Em julho deste ano, ele teve novo benefício: deixou o regime semiaberto e ingressou no aberto. A mudança se deu "por estarem presentes os requisitos objetivo (cumprimento do lapso de pena exigido pela Legislação Penal) e subjetivo (conduta plenamente satisfatória do detento)".
"Com isso, ele deveria cumprir algumas condições, sob pena de revogação da medida, entre elas a apresentação trimestral junto ao Juízo da Vara de Execução Criminal" de Venâncio Aires.
Nova violência
No entanto, Kunz cometeu nova violência contra a namorada e foi preso em flagrante no último dia 5, por descumprimento de medida protetiva.
De acordo com a polícia, naquele dia, um domingo, a mulher procurou a polícia pela manhã e registrou ocorrência por ameaça. Ela também solicitou Medida Protetiva de Urgência (MPU), para impedir que o ex se aproximasse, que foi concedida pelo Poder Judiciário.
Horas depois, o homem foi intimado por um oficial de Justiça e comunicado de que não poderia se aproximar da mulher. No entanto, descumpriu a ordem judicial e voltou a procurar a vítima.

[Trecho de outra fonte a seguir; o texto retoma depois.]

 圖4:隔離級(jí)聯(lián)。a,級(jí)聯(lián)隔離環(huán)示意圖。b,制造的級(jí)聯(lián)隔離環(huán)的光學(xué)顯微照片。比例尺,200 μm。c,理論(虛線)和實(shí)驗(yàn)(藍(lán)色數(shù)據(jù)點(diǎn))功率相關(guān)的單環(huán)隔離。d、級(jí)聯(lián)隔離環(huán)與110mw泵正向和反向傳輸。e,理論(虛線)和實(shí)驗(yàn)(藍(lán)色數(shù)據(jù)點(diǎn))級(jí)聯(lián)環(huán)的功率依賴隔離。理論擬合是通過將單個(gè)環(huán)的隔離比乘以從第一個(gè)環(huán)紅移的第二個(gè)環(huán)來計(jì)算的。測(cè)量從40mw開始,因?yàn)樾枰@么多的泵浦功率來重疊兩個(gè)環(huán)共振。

O homem teria saído pela cidade atrás da ex, a perseguindo.
Conforme o inspetor de polícia do município, Rodrigo Miranda Ethur, depois, Kunz foi até a casa da vítima, onde ela estava com uma amiga. O homem manteve as duas no imóvel, em cárcere privado, por mais de uma hora naquela tarde. Neste período, fez diversas ameaças, afirmando que mataria a mulher.
Em algum momento, as duas conseguiram convencer o homem a deixá-las sair do apartamento, conforme a polícia. Foram direto a delegacia, para registrar que a medida judicial havia sido descumprida.

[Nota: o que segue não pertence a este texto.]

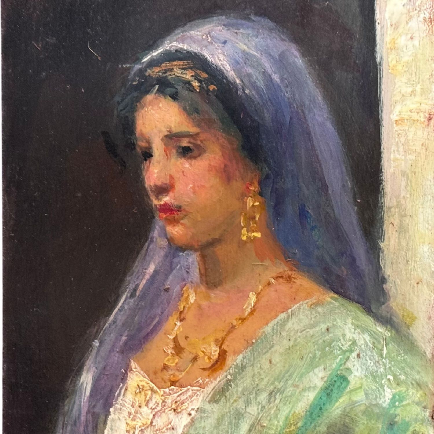 Piccolo dipinto olio su pannello, periodo XX secolo scuola Italiana, raffigurante Donna con turbante.

Conforme nota da BM, enquanto a mulher registrava o segundo boletim, Kunz foi visto "circulando de moto em frente a delegacia" e depois na frente da sede da Brigada Militar.
Na sequência, policiais militares fizeram buscas ao mecânico, que foi encontrado e preso em flagrante. Segundo a BM, ele foi detido pelo descumprimento da MPU, "devido ao histórico de violência" e ao "perigo iminente" que representava à vida da vítima.
A investigação foi concluída no dia 10, e encaminhada à Justiça. Kunz foi indiciado por descumprimento de medida protetiva, ameaça e cárcere privado. Se virar réu, deve responder a novo processo criminal.
O inspetor Ethur afirma que o assassinato cometido por Kunz em 2015 marcou a região, e é lembrado até hoje por moradores. O policial afirma que percebe uma mudança de comportamento no homem conforme a situação em que se encontra:
— Se você conversa com ele, é extremamente educado, calmo, respeitoso. No entanto, é uma pessoa bem agressiva, problemática dentro de relacionamentos. Parece que vira outra pessoa. Na penitenciária, enquanto cumpria detenção, ele trabalhava na cozinha, costumávamos vê-lo, era tranquilo, e depois sabemos de fatos assim, da perseguição à mulher. É algo muito preocupante.
Atualmente, Kunz está preso preventivamente na Penitenciária Estadual de Venâncio Aires.
Contraponto
GZH entrou em contato com a advogada Fernanda Tatiana da Silva Ferreira, que atende Julio César Kunz. Ela informou que não representou o homem no processo de 2015. Sobre o caso atual, a defesa afirmou que só irá se manifestar nos autos do processo.